Exercise prompt: For the entries below, the result should be an exact transcription of the lines from the one with "Труба профильная стальная" up to and including the one with "Love boundless nuts", and only those.

Material for this task:
===
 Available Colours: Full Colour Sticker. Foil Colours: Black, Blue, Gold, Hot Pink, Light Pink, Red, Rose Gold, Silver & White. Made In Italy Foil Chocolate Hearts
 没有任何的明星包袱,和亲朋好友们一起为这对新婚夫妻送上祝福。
===
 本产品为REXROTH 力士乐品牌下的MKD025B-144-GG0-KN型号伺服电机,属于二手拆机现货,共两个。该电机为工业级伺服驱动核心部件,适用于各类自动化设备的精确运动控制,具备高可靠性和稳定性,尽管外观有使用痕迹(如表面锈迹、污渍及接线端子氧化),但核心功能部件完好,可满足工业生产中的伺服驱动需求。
===
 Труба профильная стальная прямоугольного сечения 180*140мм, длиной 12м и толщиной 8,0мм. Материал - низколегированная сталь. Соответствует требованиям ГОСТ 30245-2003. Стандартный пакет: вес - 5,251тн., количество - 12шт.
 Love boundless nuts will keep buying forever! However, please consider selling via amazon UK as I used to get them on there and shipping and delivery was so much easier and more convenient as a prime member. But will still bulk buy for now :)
===
Finished task:
 Труба профильная стальная прямоугольного сечения 180*140мм, длиной 12м и толщиной 8,0мм. Материал - низколегированная сталь. Соответствует требованиям ГОСТ 30245-2003. Стандартный пакет: вес - 5,251тн., количество - 12шт.
 Love boundless nuts will keep buying forever! However, please consider selling via amazon UK as I used to get them on there and shipping and delivery was so much easier and more convenient as a prime member. But will still bulk buy for now :)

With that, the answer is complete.